_EXERCISE_. The expected output is the full data, repeated exactly, without pictures.

*** DATASET RECORDS ***

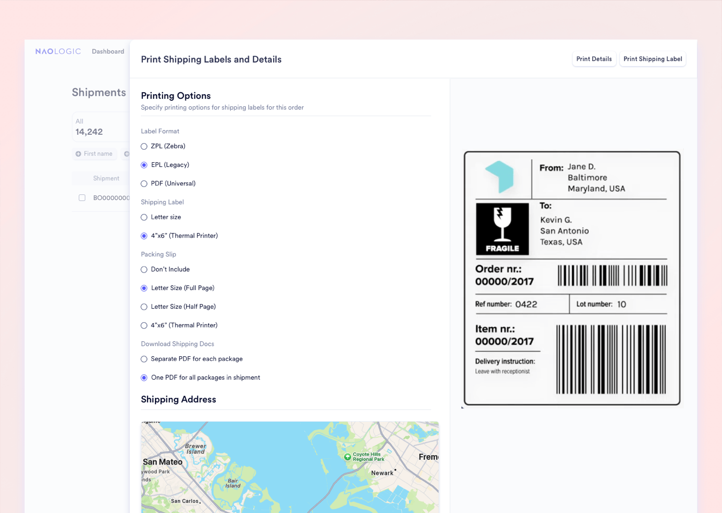 Naologic's automated inventory checks verify that every item has passed QA before a shipping label can be printed. E-signatures capture chain of custody on handover. Delivery exceptions auto-generate replacement manufacturing orders.
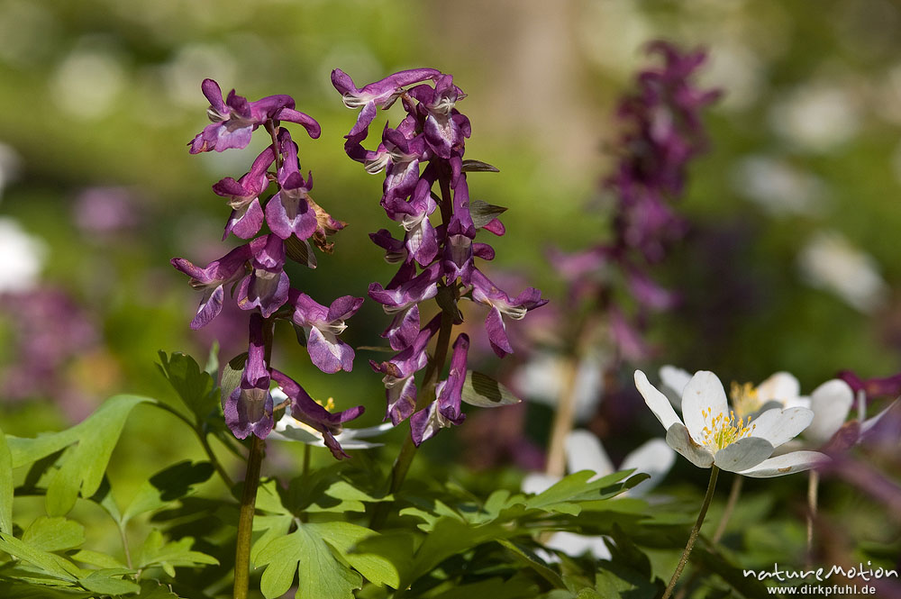 Hohler Lerchensporn, Corydalis cava, Fumariaceae, Buschwindröschen, Anemone nemorosa, Ranunculaceae, Frühjahrsgeophyten am Waldboden, Buchenwald, Fokusreihe, Settmarshausen bei Göttingen, Deutschland
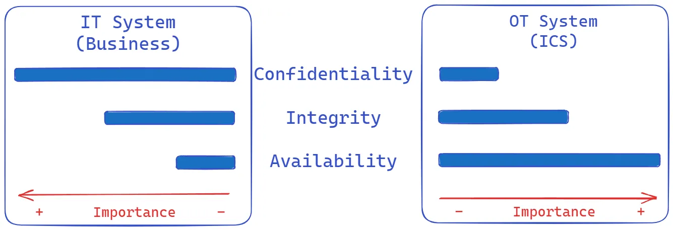 En redes OT, la disponibilidad es la prioridad principal, ya que estas redes están diseñadas para controlar el funcionamiento y la producción de instalaciones industriales como refinerías, plantas energéticas y maquinarias pesadas. Si la red OT deja de funcionar, puede causar interrupciones en la producción y la seguridad de los trabajadores, lo que provoca grandes pérdidas económicas. Después de la disponibilidad, la integridad es la segunda prioridad, ya que los datos y la precisión de los procesos son fundamentales para el funcionamiento adecuado de las instalaciones industriales. Por último, la confidencialidad ocupa el tercer lugar, porque la privacidad y el secreto comercial son menos relevantes en comparación con la disponibilidad y la integridad.
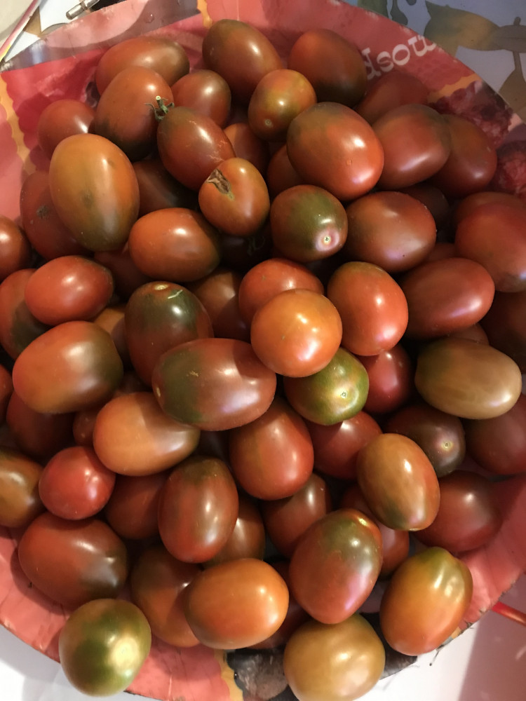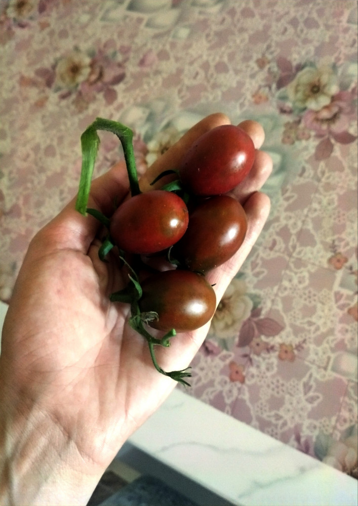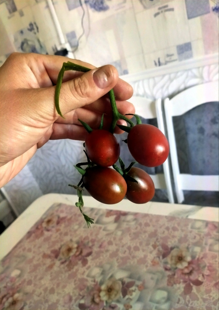 Отличный сорт, урожайный, цвет конечно не чёрный, но это не имеет значения, использую для вяленных помидоров, все помидорки почти одного размера и их очень много.
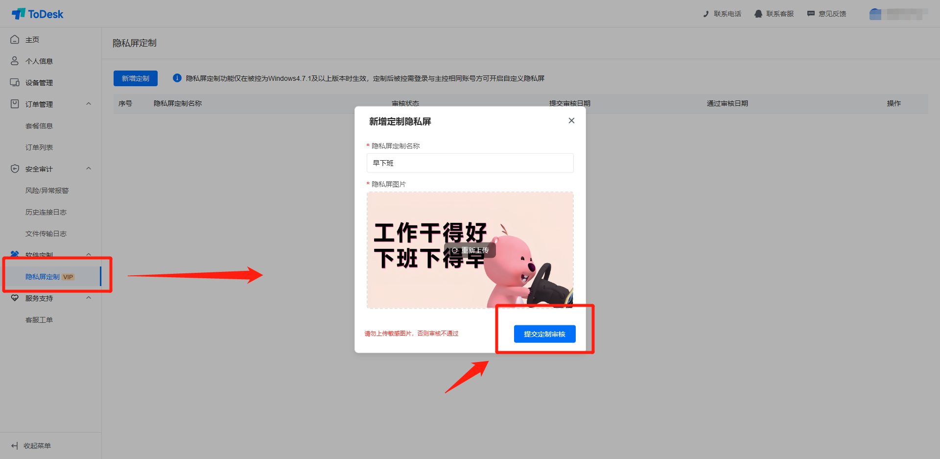 ToDesk 会员能享受隐私屏定制,电脑端登录个人中心进行设置,开启隐私屏后完全就和桌面壁纸一样。

*** End of DATASET RECORDS ***

_EXERCISE ANSWER_.
 Naologic's automated inventory checks verify that every item has passed QA before a shipping label can be printed. E-signatures capture chain of custody on handover. Delivery exceptions auto-generate replacement manufacturing orders.
 Hohler Lerchensporn, Corydalis cava, Fumariaceae, Buschwindröschen, Anemone nemorosa, Ranunculaceae, Frühjahrsgeophyten am Waldboden, Buchenwald, Fokusreihe, Settmarshausen bei Göttingen, Deutschland
 En redes OT, la disponibilidad es la prioridad principal, ya que estas redes están diseñadas para controlar el funcionamiento y la producción de instalaciones industriales como refinerías, plantas energéticas y maquinarias pesadas. Si la red OT deja de funcionar, puede causar interrupciones en la producción y la seguridad de los trabajadores, lo que provoca grandes pérdidas económicas. Después de la disponibilidad, la integridad es la segunda prioridad, ya que los datos y la precisión de los procesos son fundamentales para el funcionamiento adecuado de las instalaciones industriales. Por último, la confidencialidad ocupa el tercer lugar, porque la privacidad y el secreto comercial son menos relevantes en comparación con la disponibilidad y la integridad.
 Отличный сорт, урожайный, цвет конечно не чёрный, но это не имеет значения, использую для вяленных помидоров, все помидорки почти одного размера и их очень много.
 ToDesk 会员能享受隐私屏定制,电脑端登录个人中心进行设置,开启隐私屏后完全就和桌面壁纸一样。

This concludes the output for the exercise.